### PROBLEM STATEMENT
Exclude all pictures, then restate the entries below word for word.

Records from a dataset:
==*==

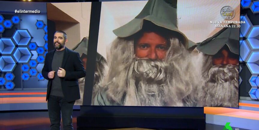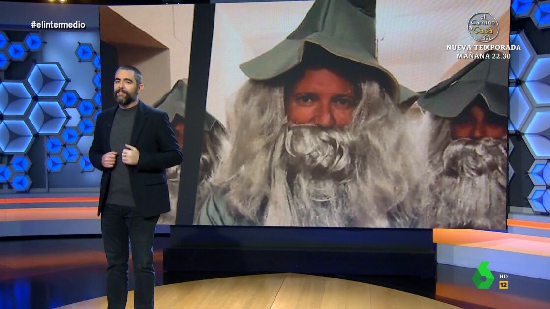 "Se ha disfrazado de Gandalf", comenta Dani, que muestra a Rueda ataviado con una frondosa barba blanca y un sombrero gris en la línea del personaje de 'El señor de los anillos': "Conocíamos a Gandalf el Gris, Gandalf el Blanco y Alfonso Rueda es el Gandalf Azul PP", apunta.
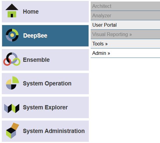 Tanto si accedes a DeepSee por primera vez como si estás configurando DeepSee en una instancia nueva, puedes encontrar dos incidencias habituales después de hacer clic en la opción "DeepSee" en el Portal de Administración del Sistema.
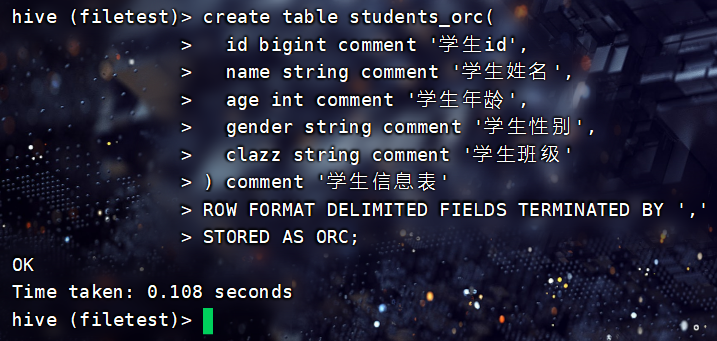创建一个存储格式为ORC的表:
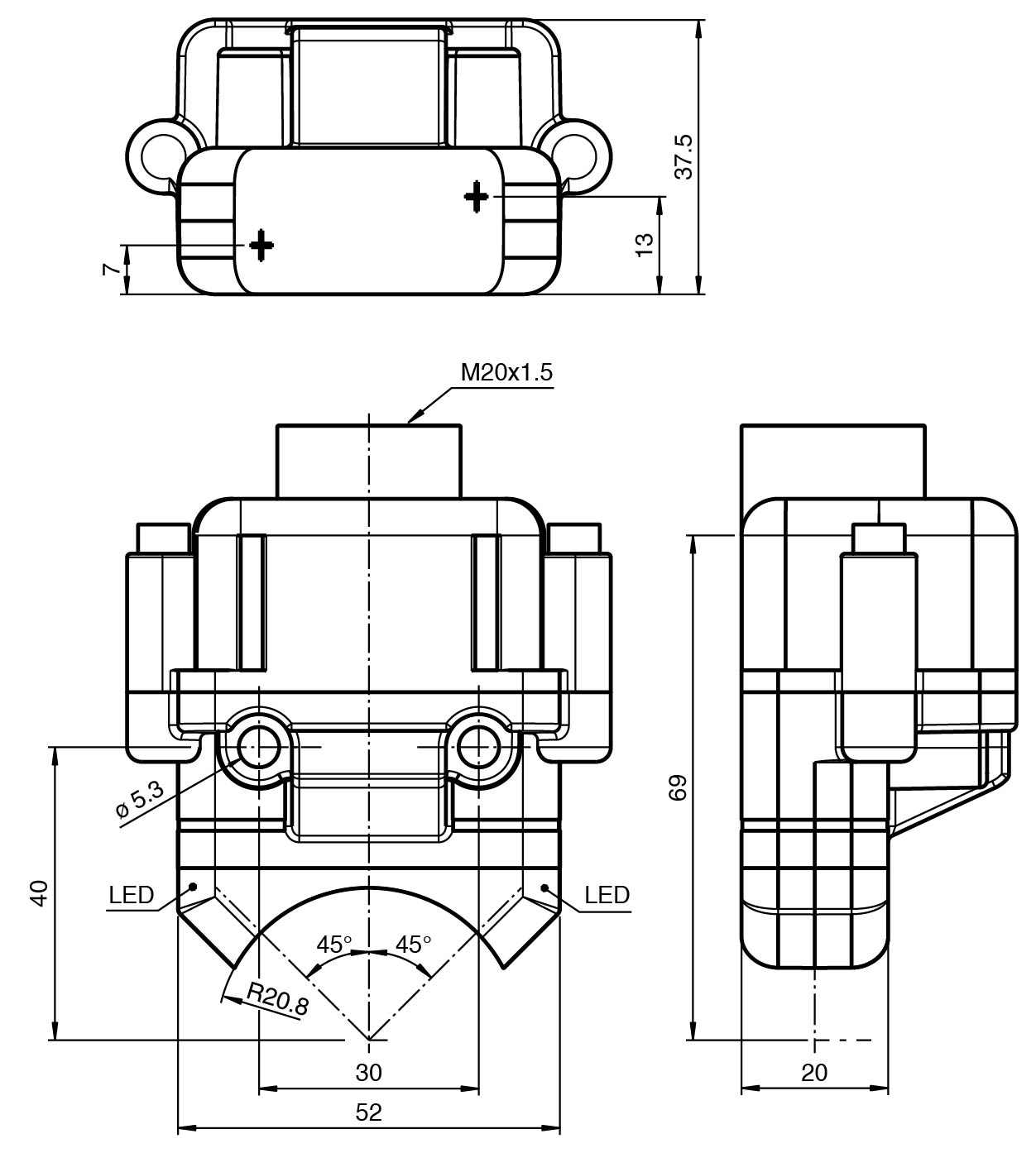 Small construction with sturdy plastic housing of protection class IP 67
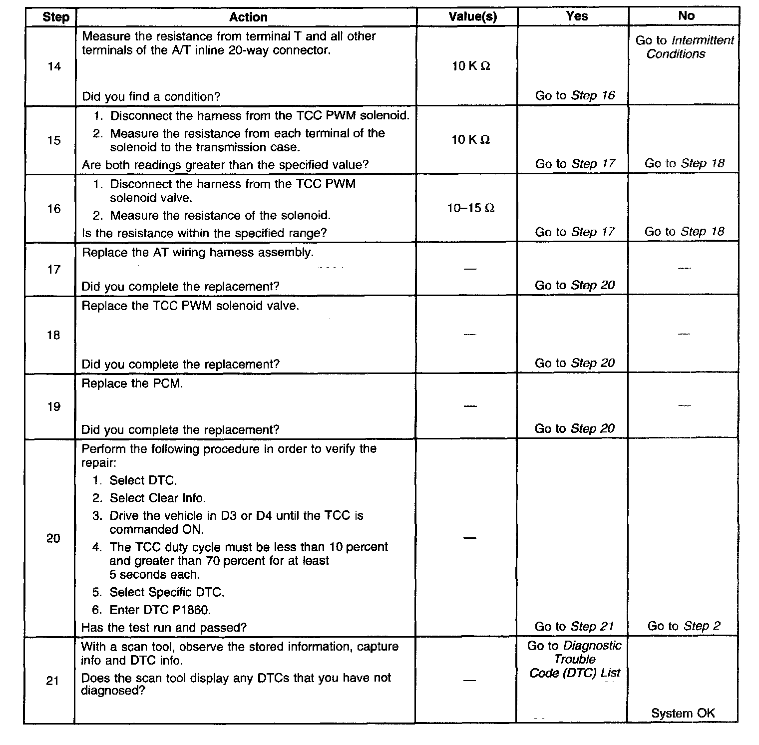 ^ The PCM stores DTC P1860 in PCM history during the second consecutive trip in which the Conditions for Setting the DTC are met.
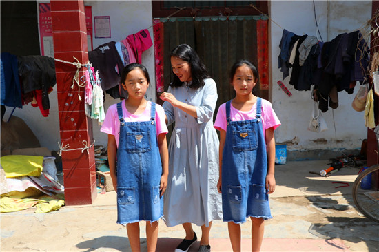這次來看望“女兒”,王冬特意給小姐妹倆購買了幾件新衣服、鞋和一些書籍。穿上新衣服和鞋子,姊妹倆高興得手舞足蹈?!巴趵蠋煟愦齻兘o親閨女一樣,每次來都不忘給她們買東西。我們真不知道向你說啥好了。”看著倆孫女被王冬打扮的如此美麗好看,王肖晴的爺爺王客臣感動(dòng)得連連向王冬道謝。
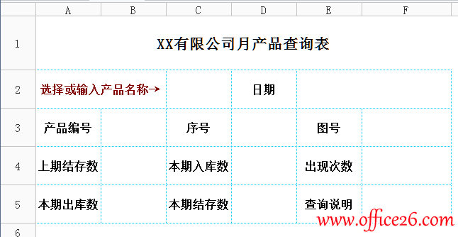 为了查询方便,首先新建一个工作表,命名为“库存查询与打印”,然后根据自己的需要来设计一下查询器的表格样式。
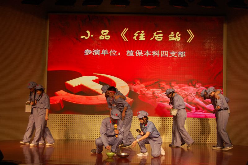 苦难已成历史,新长征路上,我们共唱辉煌未来。学院领导班子和研究生支部的《精忠报国》,声震全场,显示中华儿女报国之志。院长王源超一曲独唱《祖国啊我永远热爱你》惊艳全场,引来掌声雷动。植保三支部情景剧《青春在党旗下飞扬》,展现新时代党员风貌。红歌联唱,点燃爱国热情。退休教职工与教工支部的合唱《共筑中国梦》,铿锵有力的歌声感染在场每位观众,为晚会画上圆满句号。
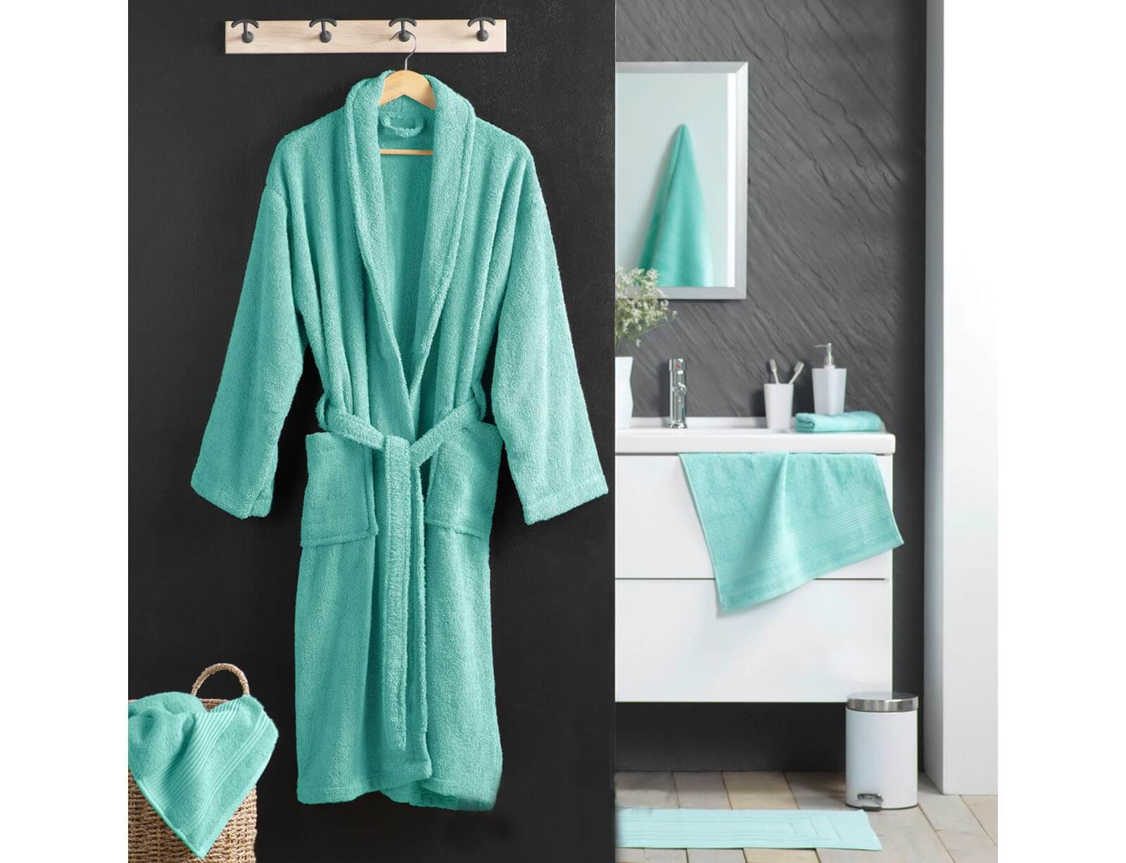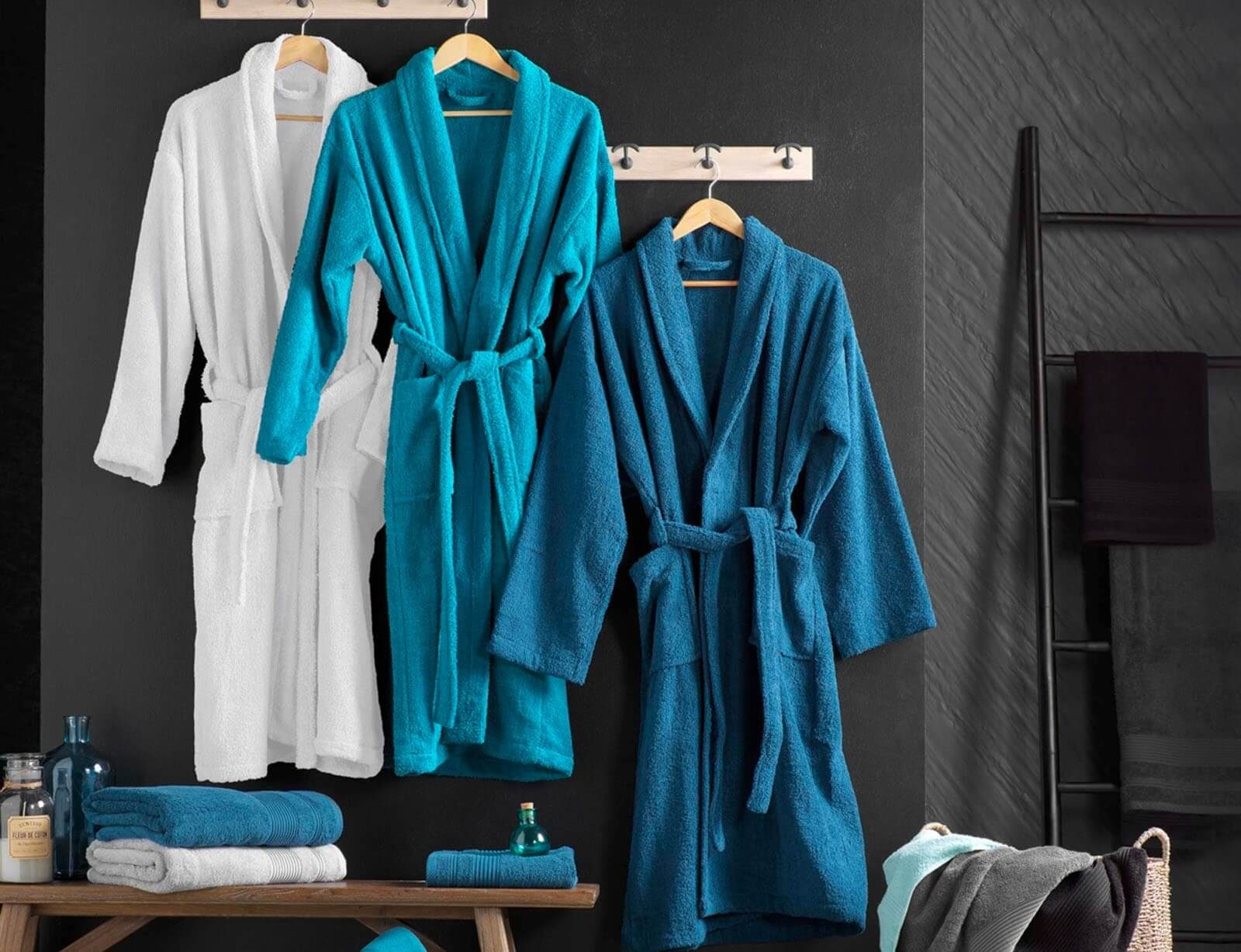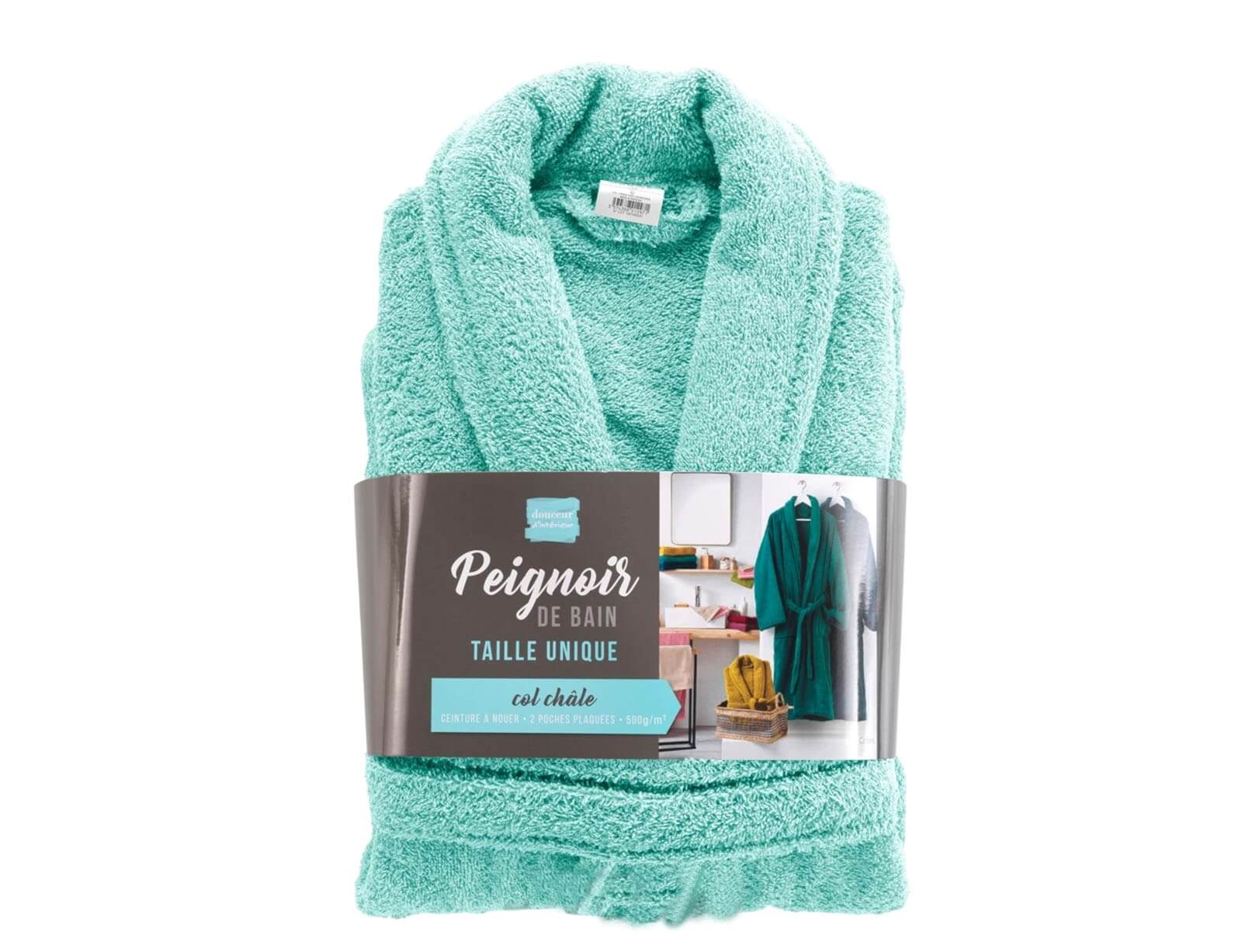 Απολαύστε την αίσθηση της απαλότητας και της πολυτέλειας με το μπουρνούζι από την Douceur d'intérieur σε μπλε απόχρωση. Είναι κατασκευασμένο από 100% βαμβάκι 500 γραμμαρίων ανά τ.μ. που την καθιστά ιδιαίτερα απορροφητική και μαλακή, προσφέροντας ευχάριστη αίσθηση κατά την επαφή με το δέρμα. Μπορεί να πλυθεί στο πλυντήριο στους 40°C. Το Oeko-Tex® label εγγυάται ότι το προϊόν έχει ελεγχθεί και πιστοποιηθεί και δεν περιλαμβάνει επιβλαβείς για την υγεία ουσίες.

==*==

### EXERCISE RESPONSE
 "Se ha disfrazado de Gandalf", comenta Dani, que muestra a Rueda ataviado con una frondosa barba blanca y un sombrero gris en la línea del personaje de 'El señor de los anillos': "Conocíamos a Gandalf el Gris, Gandalf el Blanco y Alfonso Rueda es el Gandalf Azul PP", apunta.
 Tanto si accedes a DeepSee por primera vez como si estás configurando DeepSee en una instancia nueva, puedes encontrar dos incidencias habituales después de hacer clic en la opción "DeepSee" en el Portal de Administración del Sistema.
创建一个存储格式为ORC的表:
 Small construction with sturdy plastic housing of protection class IP 67
 ^ The PCM stores DTC P1860 in PCM history during the second consecutive trip in which the Conditions for Setting the DTC are met.
這次來看望“女兒”,王冬特意給小姐妹倆購買了幾件新衣服、鞋和一些書籍。穿上新衣服和鞋子,姊妹倆高興得手舞足蹈?!巴趵蠋煟愦齻兘o親閨女一樣,每次來都不忘給她們買東西。我們真不知道向你說啥好了。”看著倆孫女被王冬打扮的如此美麗好看,王肖晴的爺爺王客臣感動(dòng)得連連向王冬道謝。
 为了查询方便,首先新建一个工作表,命名为“库存查询与打印”,然后根据自己的需要来设计一下查询器的表格样式。
 苦难已成历史,新长征路上,我们共唱辉煌未来。学院领导班子和研究生支部的《精忠报国》,声震全场,显示中华儿女报国之志。院长王源超一曲独唱《祖国啊我永远热爱你》惊艳全场,引来掌声雷动。植保三支部情景剧《青春在党旗下飞扬》,展现新时代党员风貌。红歌联唱,点燃爱国热情。退休教职工与教工支部的合唱《共筑中国梦》,铿锵有力的歌声感染在场每位观众,为晚会画上圆满句号。
 Απολαύστε την αίσθηση της απαλότητας και της πολυτέλειας με το μπουρνούζι από την Douceur d'intérieur σε μπλε απόχρωση. Είναι κατασκευασμένο από 100% βαμβάκι 500 γραμμαρίων ανά τ.μ. που την καθιστά ιδιαίτερα απορροφητική και μαλακή, προσφέροντας ευχάριστη αίσθηση κατά την επαφή με το δέρμα. Μπορεί να πλυθεί στο πλυντήριο στους 40°C. Το Oeko-Tex® label εγγυάται ότι το προϊόν έχει ελεγχθεί και πιστοποιηθεί και δεν περιλαμβάνει επιβλαβείς για την υγεία ουσίες.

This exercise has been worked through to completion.